Court dates vacated in Mathis harassment suit

A set of autumn hearing dates in a case accusing Assemblyman Devon Mathis (R-Visalia) of harassment and wrongful termination have been vacated, but the beleaguered legislator may still end up in court over the matter.

 

New Attorney

Janie Sustaita De Raadt, a former Mathis staffer, says she’s found a local attorney willing to pursue her ongoing complaint with the State Bar against her former attorney. The Visalia-based attorney will also file a new suit against her former boss, as well as his former chief of staff Justin Turner. De Raadt accused Mathis of allowing Turner to create a hostile workplace with his use of abusive and sexualized language.

However, De Raadt’s case against the California State Assembly, which included Mathis and Turner as defendants, was dismissed after her attorney of record in the matter failed to respond in a timely fashion.
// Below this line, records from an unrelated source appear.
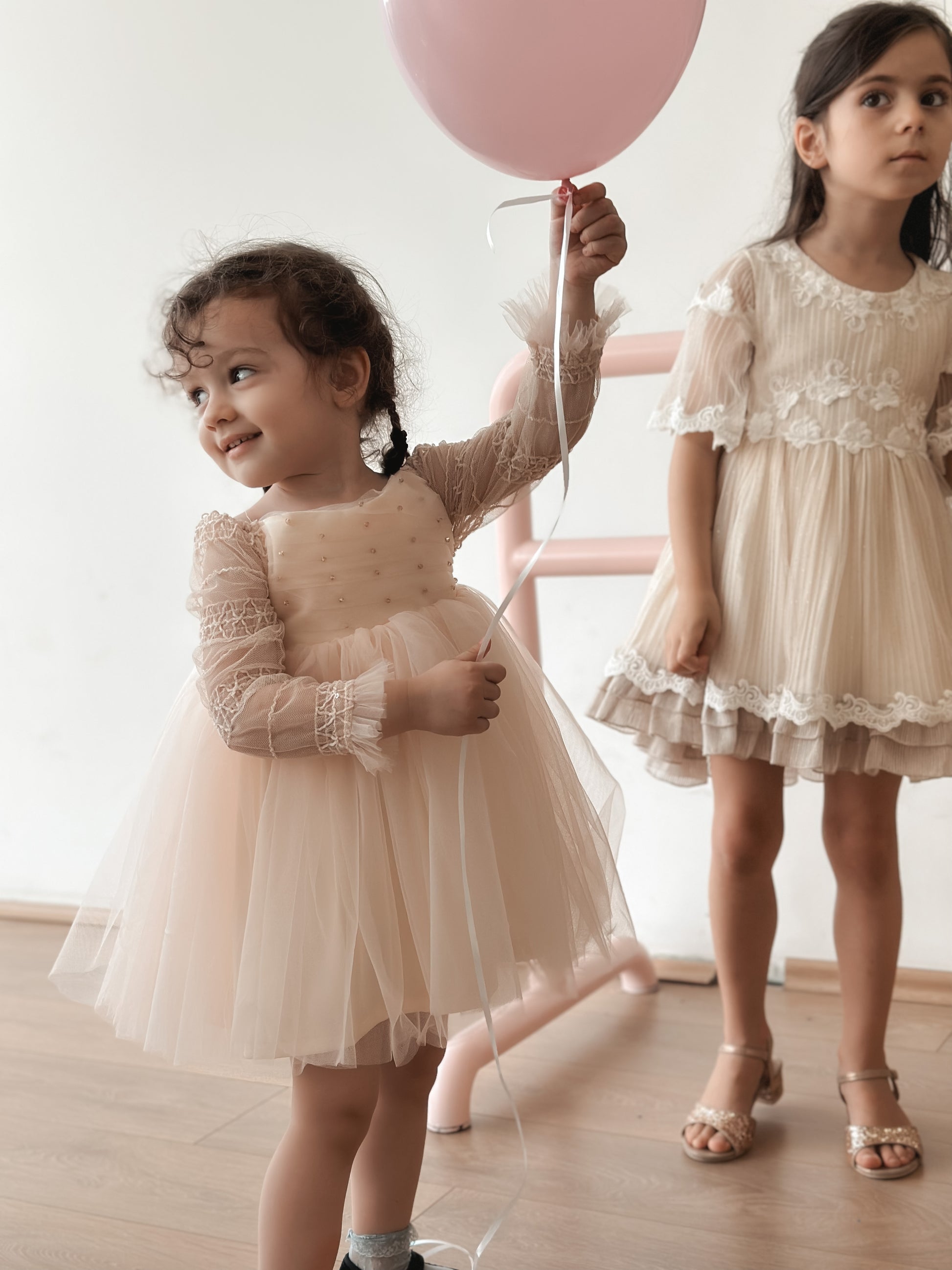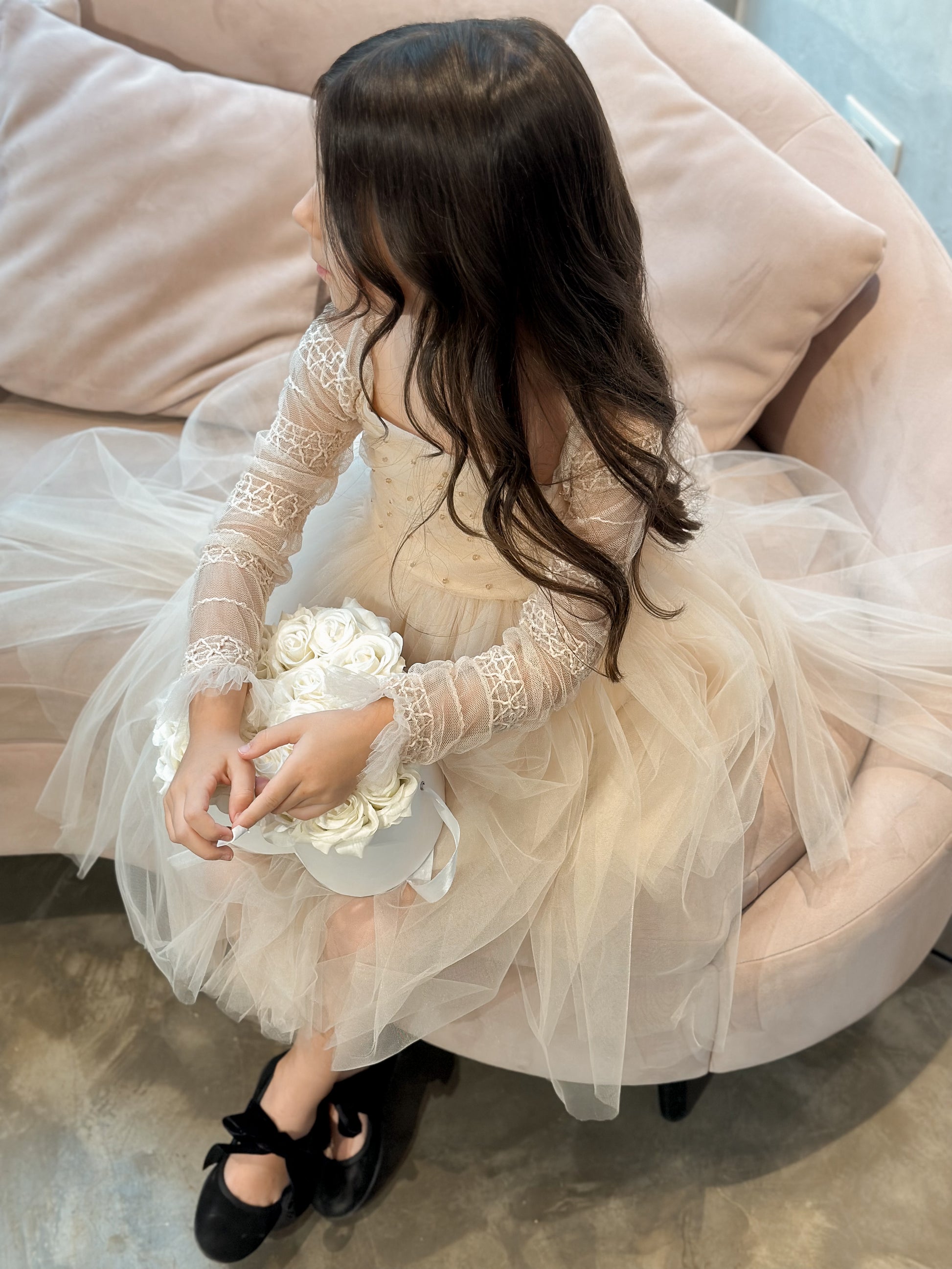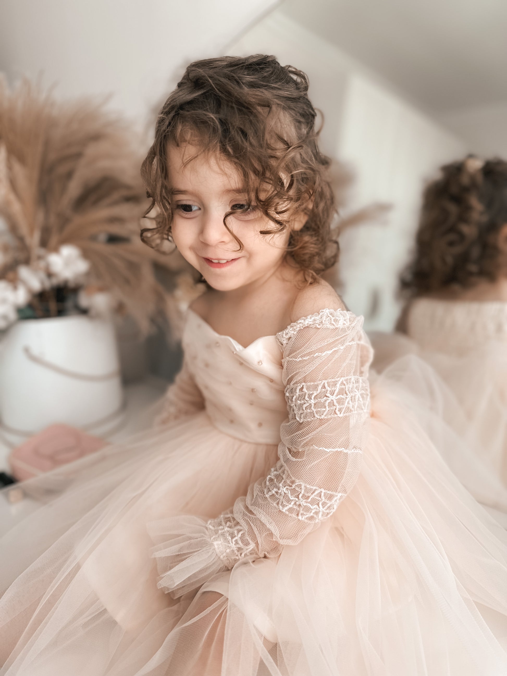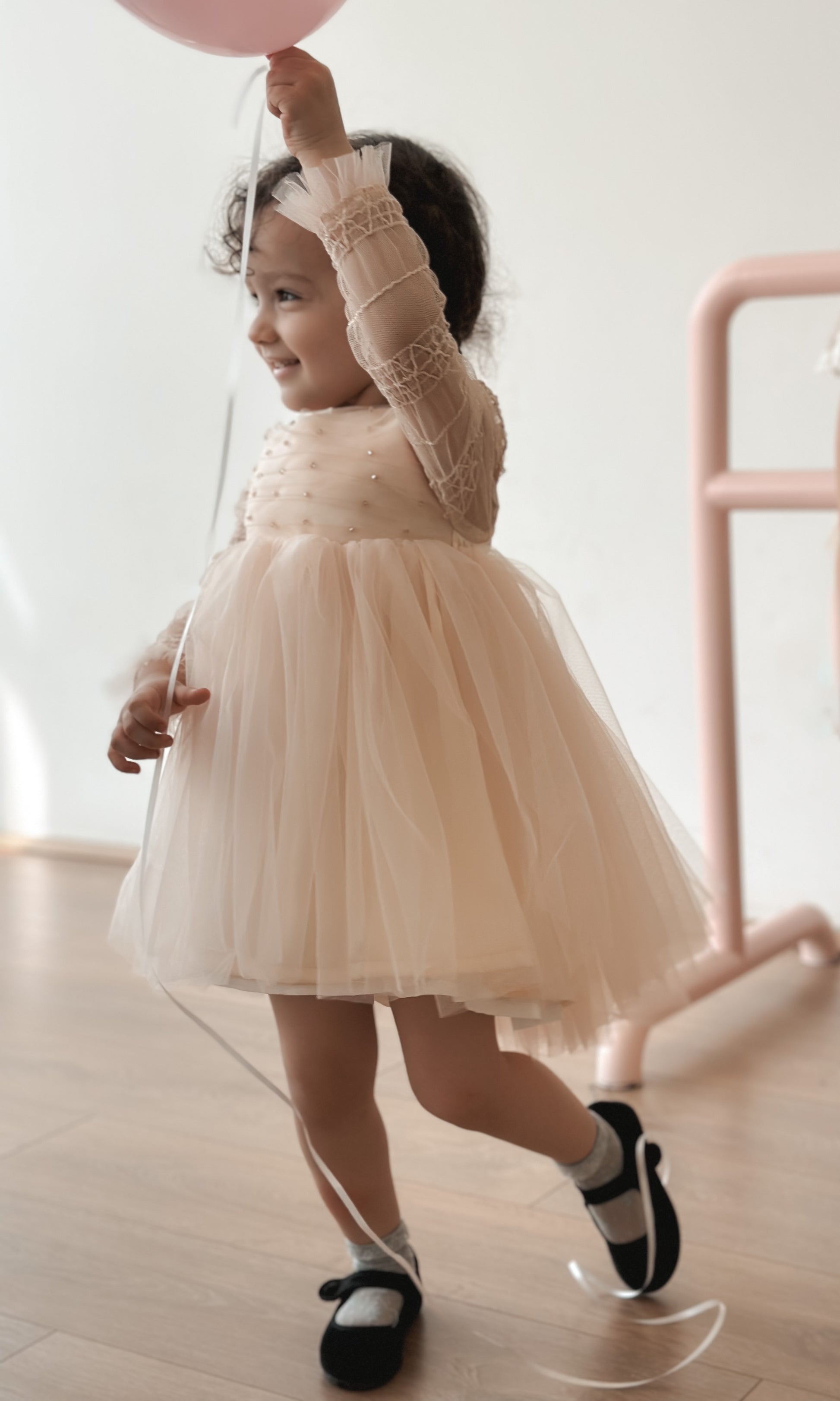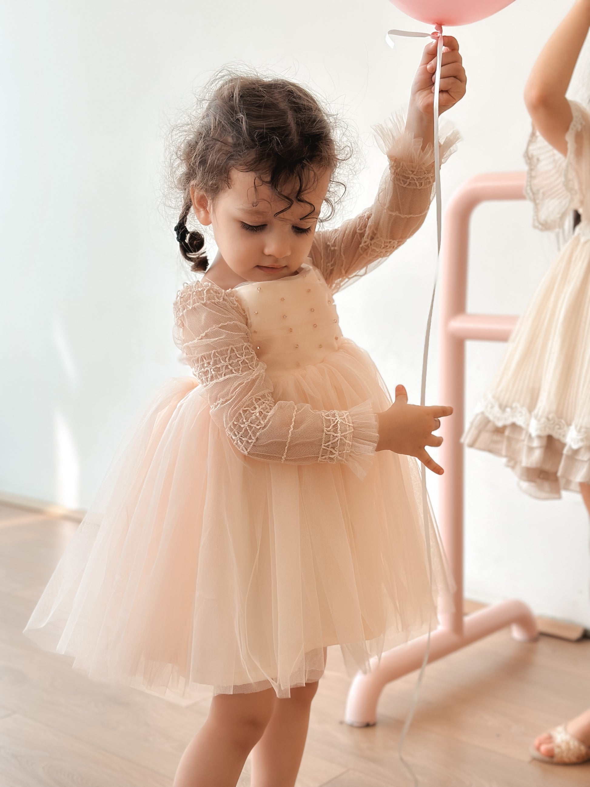 Sindy dress, fustan eventesh dhe pagezimesh, me menge te gjata dhe detaje me gurre ne pjesen e perparme.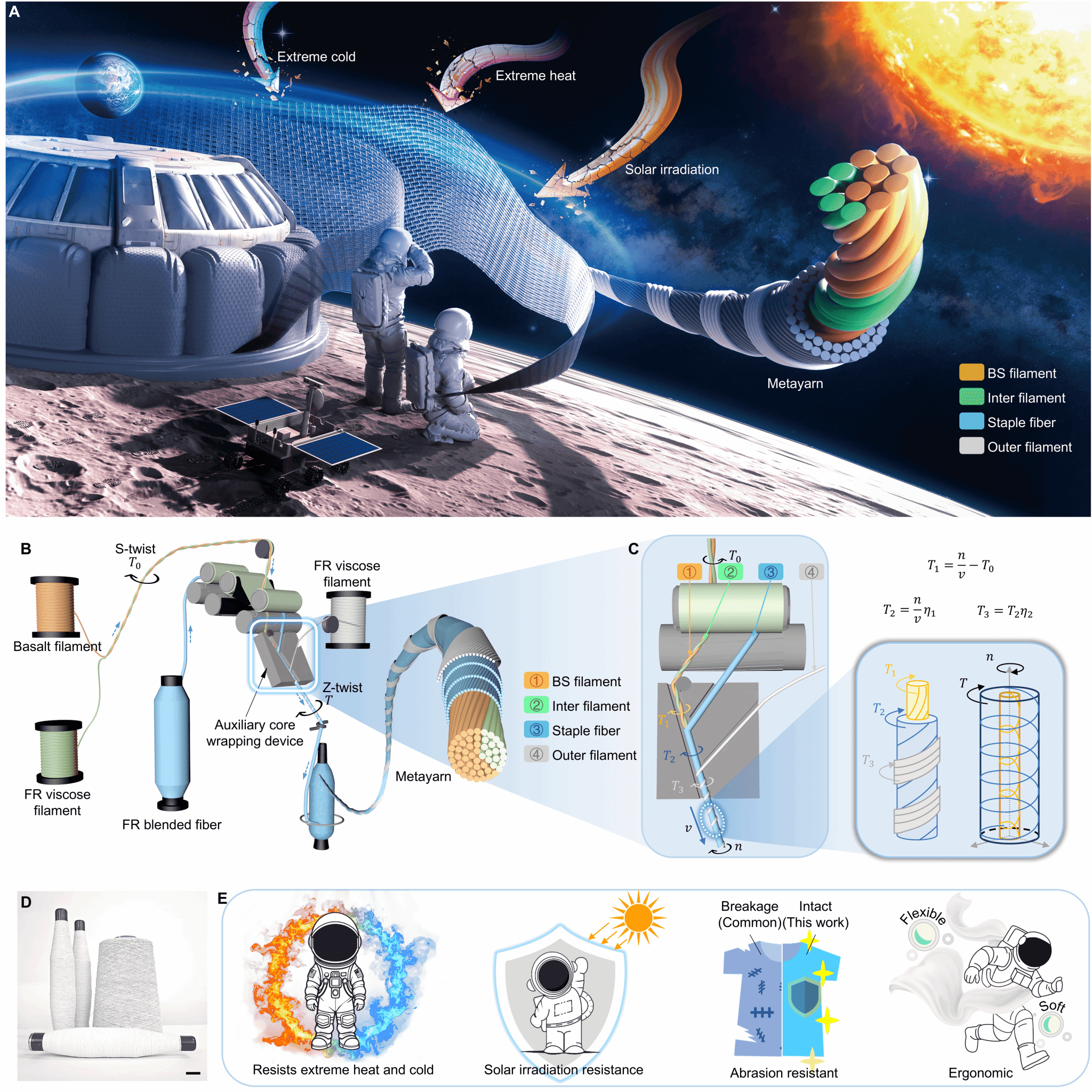 徐卫林、夏治刚、陶光明教授带领尚路路、徐傲、张世亮等研究生,针对当前技术持续改进创新,首创“coaxial spiral wrap spinning”技术,突破了无损低扭成纱、多层级稳态包覆等关键技术与装备创新,工业化实现了多层级、有机无机复构的亲肤柔韧型玄武岩超结构纱线(Metayarn)批量化连续生产。所生产的Metayarn纱强度较原玄武岩长丝提升27.76%,成纱残余扭矩较其他商用纱线大幅降低,可直接针织或机织加工生产出亲肤柔性Metayarn制品。面向航空航天复杂极端环境,Metayarn制品展现出卓越的环境适应性与结构稳定性。柔韧性制品在−200℃液氮、300℃热风持续冲刷以及强太阳辐照长时间照射等条件下,其强度不仅未发生衰减,反而有所提升;在1300℃火焰灼烧后仍能保持结构完整。同时,MetaYarn针织制品具备高达421%的断裂伸长率,在30%拉伸状态下仍能保持优异的阻燃与抗火性能,实现了“舒适-防护”一体化功能。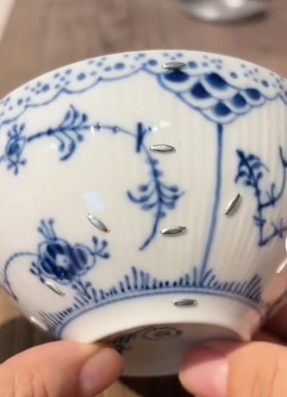 长江日报大武汉客户端10月25日讯(记者许魏巍)对自己意义重大的茶杯,不小心摔成两半怎么办?这事难不倒做瓷器修复的程思敏,她能通过锔瓷手法,将金属钉钉到茶杯上,使茶杯恢复正常功能,还可以在茶杯受损处镶嵌上精美的银制图案,让茶杯焕发新生。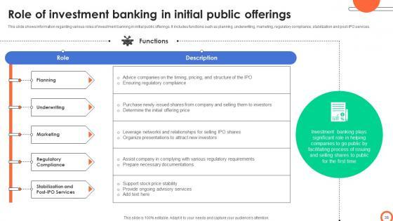 This slide shows information regarding various roles of investment banking in initial public offerings. It includes functions such as planning, underwriting, marketing, regulatory compliance, stabilization and post-IPO services. Retrieve professionally designed Role Of Investment Banking In Initial Public Understanding Investment Banking Framework Fin SS V to effectively convey your message and captivate your listeners. Save time by selecting pre-made slideshows that are appropriate for various topics, from business to educational purposes. These themes come in many different styles, from creative to corporate, and all of them are easily adjustable and can be edited quickly. Access them as PowerPoint templates or as Google Slides themes. You do not have to go on a hunt for the perfect presentation because Slidegeeks got you covered from everywhere. This slide shows information regarding various roles of investment banking in initial public offerings. It includes functions such as planning, underwriting, marketing, regulatory compliance, stabilization and post-IPO services.

The case was dismissed with prejudice, meaning De Raadt cannot file a second similar suit against the state’s lower legislative body. She can, however, file new cases against Mathis and Turner.

“My case is only stronger now because he (Turner) got fired for the exact same thing he was doing to me,” De Raadt said.

Turner was reprimanded by the California Assembly speaker in November of 2020 after an investigation found he sent inappropriate messages of a sexual nature to an unidentified person. He appears to be no longer employed by Mathis’ office, though unsubstantiated rumor has it he still works with Mathis, who is a personal friend, in some capacity.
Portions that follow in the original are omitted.